1) Vivir por la vida que da el Señor. “Yo soy la vida”, no sólo el origen de la vida, sino aquello que la sostiene. El latir de mi corazón y el respirar de mis pulmones se lo debo al Verbo, a cuya imagen he sido creado por el Padre. Por eso damos gracias a Dios por el misterio de la vida natural. Pero más allá de lo natural está la vida de los hijos de Dios, la vida nueva propia del Evangelio, donde Cristo nos hace partícipes de su intimidad con el Padre, y de la sobreabundancia de Amor que los une (el Espíritu Santo). Ese calor del amor de Dios es lo que da vida al hombre; el pecado y el mal congelan la vida, apagan la llama. Gracias, Señor, por darnos la vida divina de la gracia.

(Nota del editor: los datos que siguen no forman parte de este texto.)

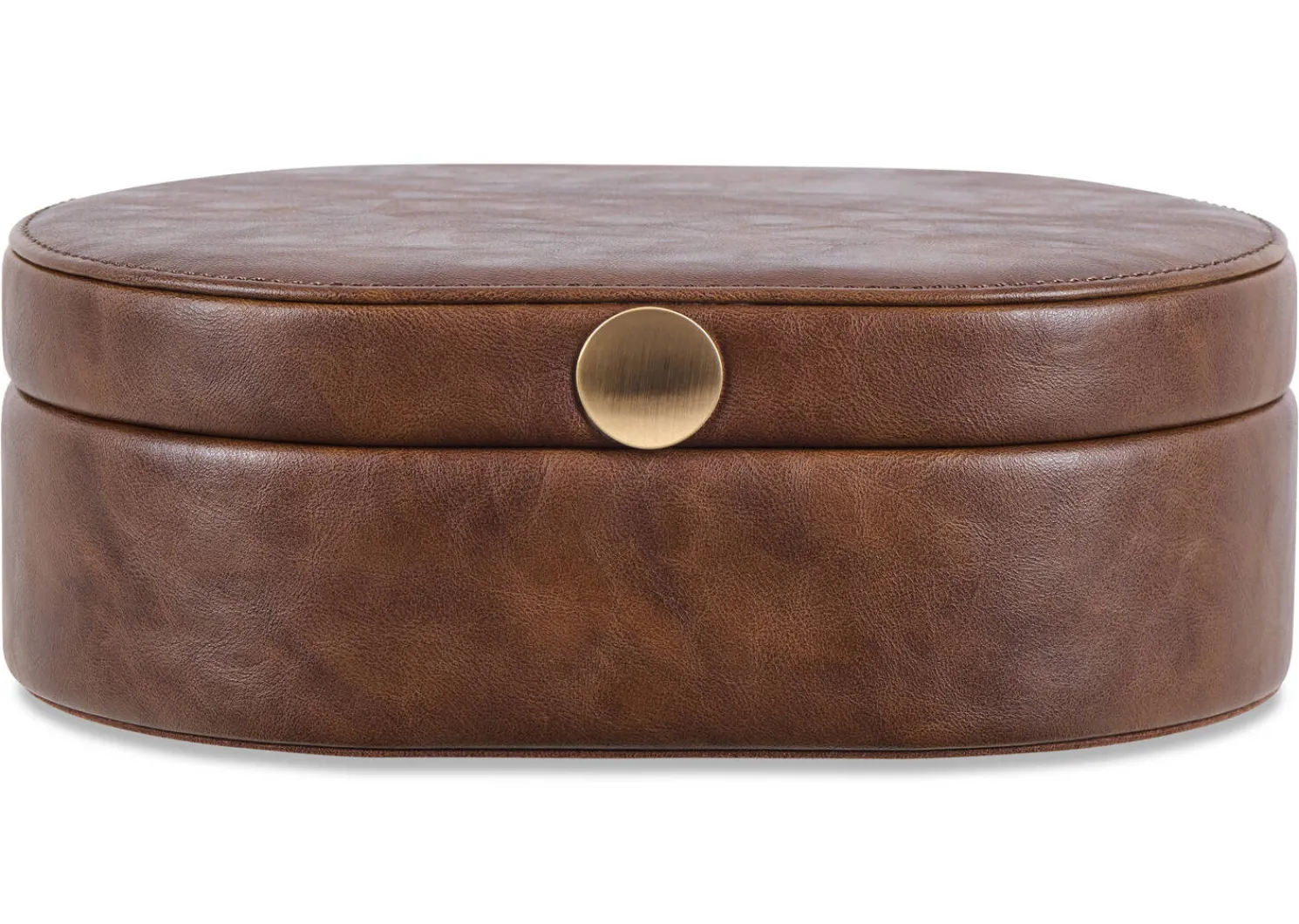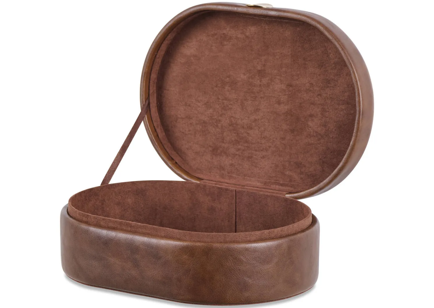 - Oval faux leather storage box lined with matching faux suede
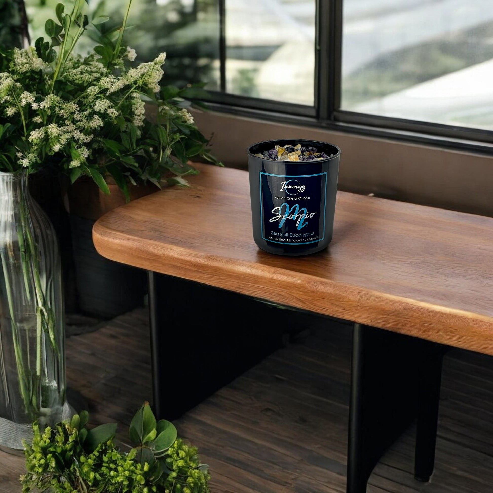 Delve into the enigmatic depths of the Scorpius (Scorpio) Zodiac Crystal Candle, expertly crafted to embody the intense and transformative spirit of Scorpio. The "Sea Salt Eucalyptus" scent is a masterful blend, combining the crispness of sea salts with the resinous aroma of juniper, the invigorating essence of eucalyptus, and a soothing marine mist. This complex fragrance mirrors the multifaceted nature of Scorpio – deep, mysterious, and irresistibly alluring.
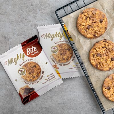 [/vc_column_text][vc_empty_space height=”20px”][vc_column_text][addtoany][/vc_column_text][vc_row_inner][vc_column_inner][vc_column_text]MightyMeals and Berg Bites have teamed-up to bring their customers the ultimate high protein cookie, The Mighty Bite. With only 1 gram of natural sugar and 16 grams of plant protein, this delicious grab-and-go snack gives you a healthy energy boost and will satisfy your sweet tooth without the glucose spike. “MightyMeals has been a huge supporter of us for the past three years, and we’ve always discussed collaborating in this way, but this idea really came to fruition about 4 months ago,” says Berg Bites owner Daniel Berg. “Once we realized that we had the capability to create a sugar-free, high protein cookie, both MightyMeals’ co-owner Stefano Marzano and I knew that this would be the perfect fit for both of our markets.”
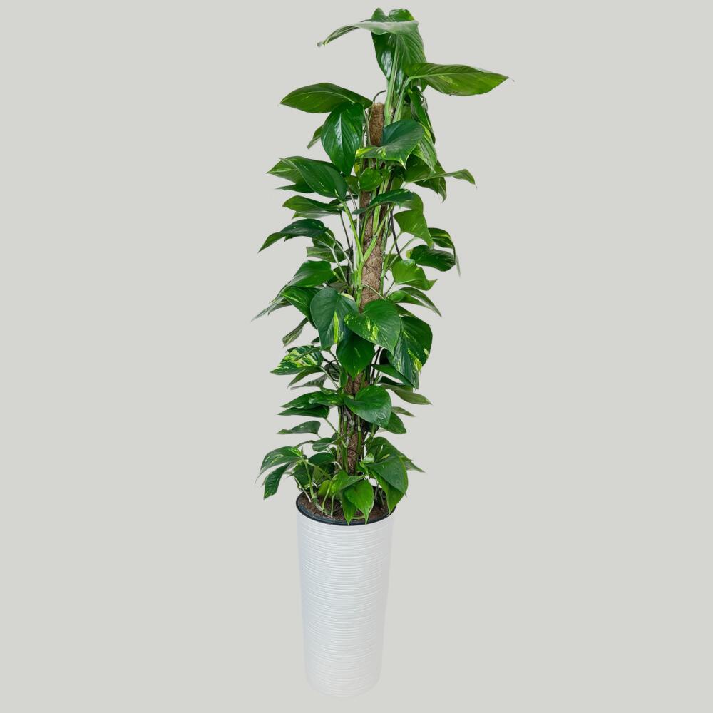 Эпипремнум 150 см — пышное вьющееся растение, идеально подходящее для вертикального озеленения и придания яркости интерьеру. Его блестящие сердцевидные листья с красивыми зелёными оттенками создают эффект живой стены. Эпипремнум неприхотлив, отлично очищает воздух и прекрасно смотрится как в офисе, так и дома. Кашпо в подарок!

2) Vivir a través de Cristo, con sus mismos sentimientos. Es compartir la mirada de Dios, tal y como aparece en los Evangelios. Su mirada nos habla de sus intenciones, que dan razón de sus obras: la misericordia, la paciencia, la mansedumbre, la fortaleza, la sabiduría, la ternura, la magnanimidad… Son un cuadro de facetas que nos llaman constantemente a la conversión, pues descubrimos que en muchas ocasiones no reflejamos la grandeza del Corazón de Cristo, a través del cual ojalá vivamos y amemos siempre.

3) Vivir entregando la vida por amor a Cristo y a los hermanos. Vivir enamorados por el Amor de nuestra vida. Nada más fuerte en el mundo que el amor de Dios, que cautiva la vida, la transforma y la llena de sentido. Vivimos para satisfacer al Amado, complacerle y renovar todos los días nuestra entrega. Y fruto de esa entrega al Amado, brotará espontánea, sin apenas buscarla, una entrega decidida a los demás y un compromiso constante por servir y ayudar.